Arabian Plastic Industrial (TADAWUL:9548) Shareholders Will Want The ROCE Trajectory To Continue

Simply Wall St

Finding a business that has the potential to grow substantially is not easy, but it is possible if we look at a few key financial metrics. Typically, we'll want to notice a trend of growing return on capital employed (ROCE) and alongside that, an expanding base of capital employed. Put simply, these types of businesses are compounding machines, meaning they are continually reinvesting their earnings at ever-higher rates of return. With that in mind, we've noticed some promising trends at Arabian Plastic Industrial (TADAWUL:9548) so let's look a bit deeper.

What Is Return On Capital Employed (ROCE)?

Just to clarify if you're unsure, ROCE is a metric for evaluating how much pre-tax income (in percentage terms) a company earns on the capital invested in its business. To calculate this metric for Arabian Plastic Industrial, this is the formula:

Return on Capital Employed = Earnings Before Interest and Tax (EBIT) ÷ (Total Assets - Current Liabilities)

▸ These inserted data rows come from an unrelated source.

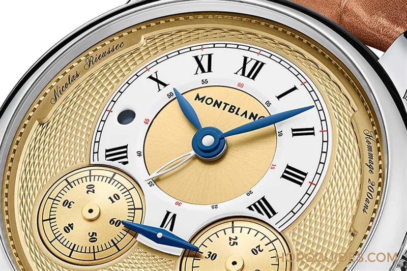 為了向計時碼表發明者Nicolas Rieussec的創作致敬,表盤外緣安置了鐫有「Nicolas Rieussec and Homage 200 ans」(200周年志慶)字樣環圈,圍繞著精致的陽刻浮雕扭索紋裝飾。其他細節包括6點鐘位置以藍鋼螺絲固定的金色日期視窗。全新設計的棕色鱷魚皮表帶搭配整體設計,并將限量發行數量訂為200枚,以銘記值得紀念的200周年慶。
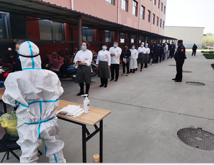 为切实做好疫情防控工作,全力保障企业干部职工的生命安全。4月13日,公司联系卫生服务部门到企为全体员工进行核酸检测,做到应检尽检,不漏一人,进一步降低疫情输入传播风险。公司党总支委员、工会主席、总经济师谢顺青,主持现场检测秩序,并带头接受核酸检测。
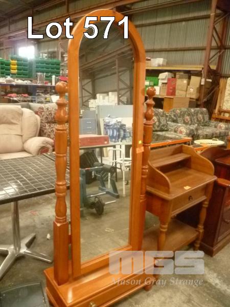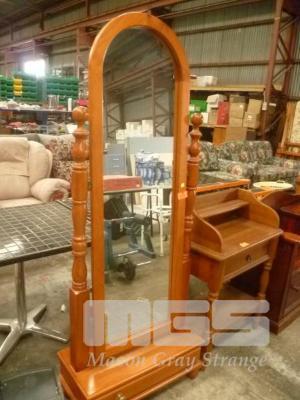 PINE CHEVAL MIRROR WITH SINGLE DRAWER UNDER STORAGE
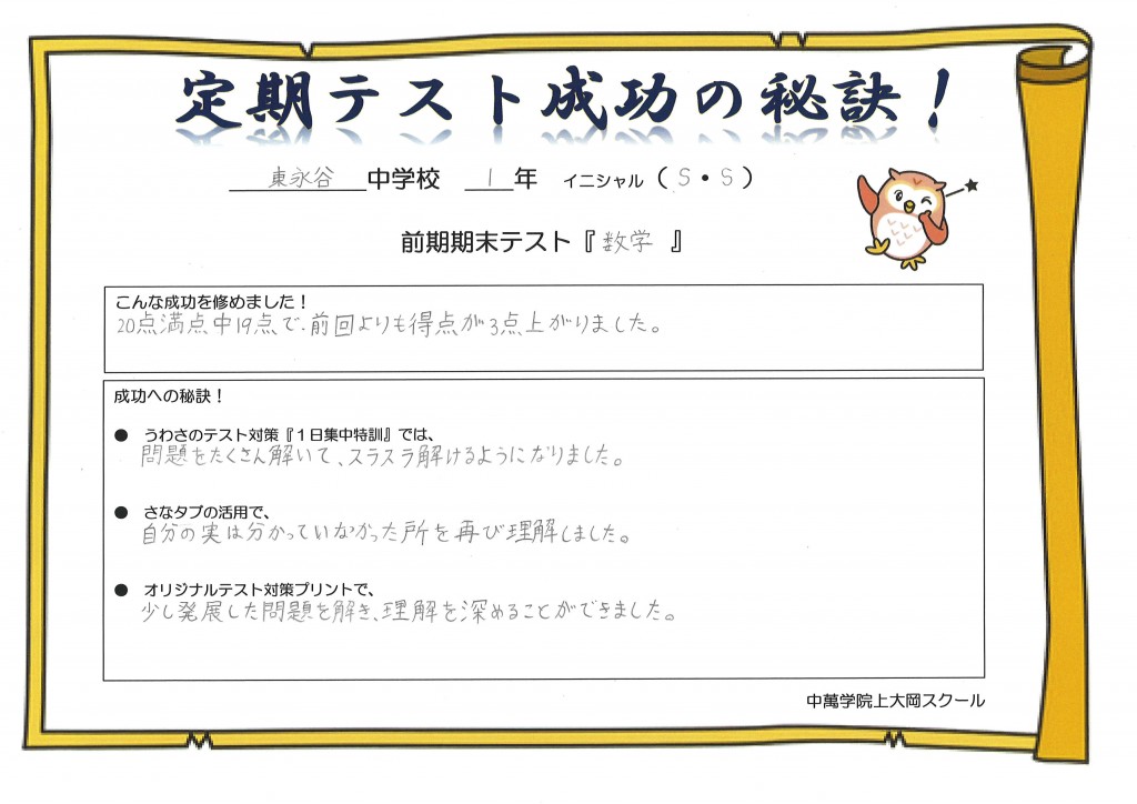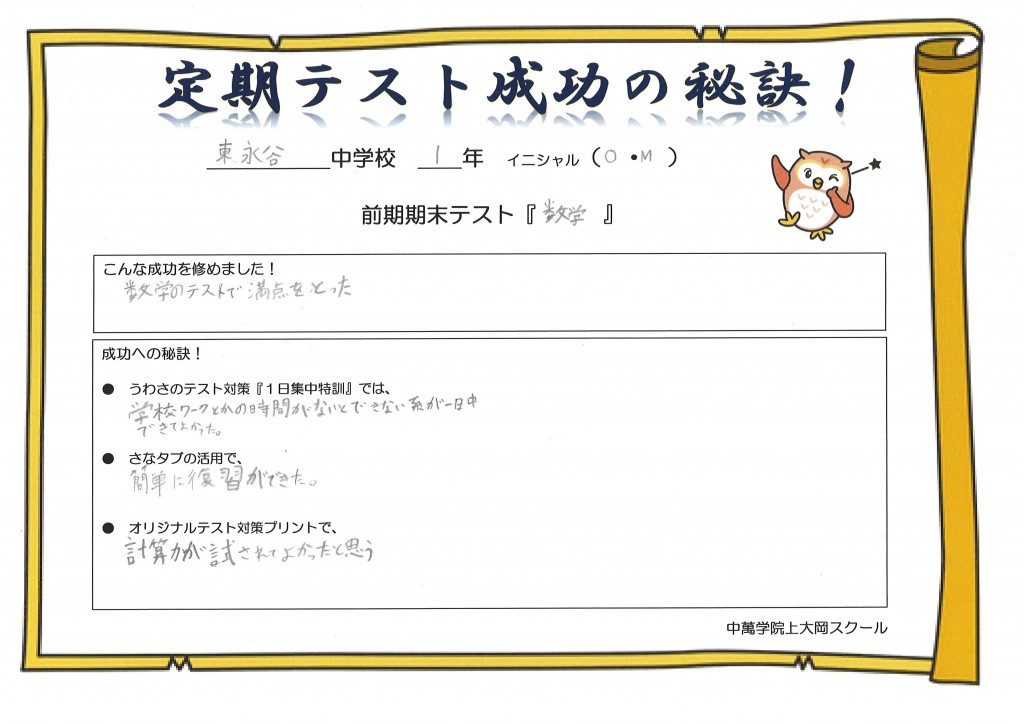 中萬のテスト対策で伸ばし続けた内申を武器につかみ取った合格!

0.19 = ر.س24m ÷ (ر.س237m - ر.س111m) (Based on the trailing twelve months to June 2025).

Thus, Arabian Plastic Industrial has an ROCE of 19%. On its own, that's a standard return, however it's much better than the 14% generated by the Packaging industry.

Check out our latest analysis for Arabian Plastic Industrial

SASE:9548 Return on Capital Employed November 13th 2025

Historical performance is a great place to start when researching a stock so above you can see the gauge for Arabian Plastic Industrial's ROCE against it's prior returns. If you'd like to look at how Arabian Plastic Industrial has performed in the past in other metrics, you can view this free graph of Arabian Plastic Industrial's past earnings, revenue and cash flow.

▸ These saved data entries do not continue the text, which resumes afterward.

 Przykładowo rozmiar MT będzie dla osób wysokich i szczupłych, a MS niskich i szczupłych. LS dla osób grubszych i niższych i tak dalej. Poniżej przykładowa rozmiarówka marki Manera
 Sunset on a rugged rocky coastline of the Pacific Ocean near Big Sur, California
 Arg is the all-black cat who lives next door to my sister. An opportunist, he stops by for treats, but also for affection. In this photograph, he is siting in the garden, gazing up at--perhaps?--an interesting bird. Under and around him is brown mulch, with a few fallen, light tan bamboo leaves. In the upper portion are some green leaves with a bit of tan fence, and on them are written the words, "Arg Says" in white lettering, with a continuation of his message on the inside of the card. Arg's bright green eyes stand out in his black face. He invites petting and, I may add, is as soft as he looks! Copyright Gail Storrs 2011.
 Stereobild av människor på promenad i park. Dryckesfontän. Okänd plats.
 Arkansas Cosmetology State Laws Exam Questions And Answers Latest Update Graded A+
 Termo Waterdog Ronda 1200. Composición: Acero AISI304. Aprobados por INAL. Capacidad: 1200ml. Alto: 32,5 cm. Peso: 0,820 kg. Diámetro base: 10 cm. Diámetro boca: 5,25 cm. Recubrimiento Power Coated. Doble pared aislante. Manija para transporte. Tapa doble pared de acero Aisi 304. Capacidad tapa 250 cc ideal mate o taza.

So How Is Arabian Plastic Industrial's ROCE Trending?

We like the trends that we're seeing from Arabian Plastic Industrial. The data shows that returns on capital have increased substantially over the last four years to 19%. Basically the business is earning more per dollar of capital invested and in addition to that, 38% more capital is being employed now too. This can indicate that there's plenty of opportunities to invest capital internally and at ever higher rates, a combination that's common among multi-baggers.

On a side note, we noticed that the improvement in ROCE appears to be partly fueled by an increase in current liabilities. Essentially the business now has suppliers or short-term creditors funding about 47% of its operations, which isn't ideal. Given it's pretty high ratio, we'd remind investors that having current liabilities at those levels can bring about some risks in certain businesses.

The Bottom Line

To sum it up, Arabian Plastic Industrial has proven it can reinvest in the business and generate higher returns on that capital employed, which is terrific. And with the stock having performed exceptionally well over the last three years, these patterns are being accounted for by investors. So given the stock has proven it has promising trends, it's worth researching the company further to see if these trends are likely to persist.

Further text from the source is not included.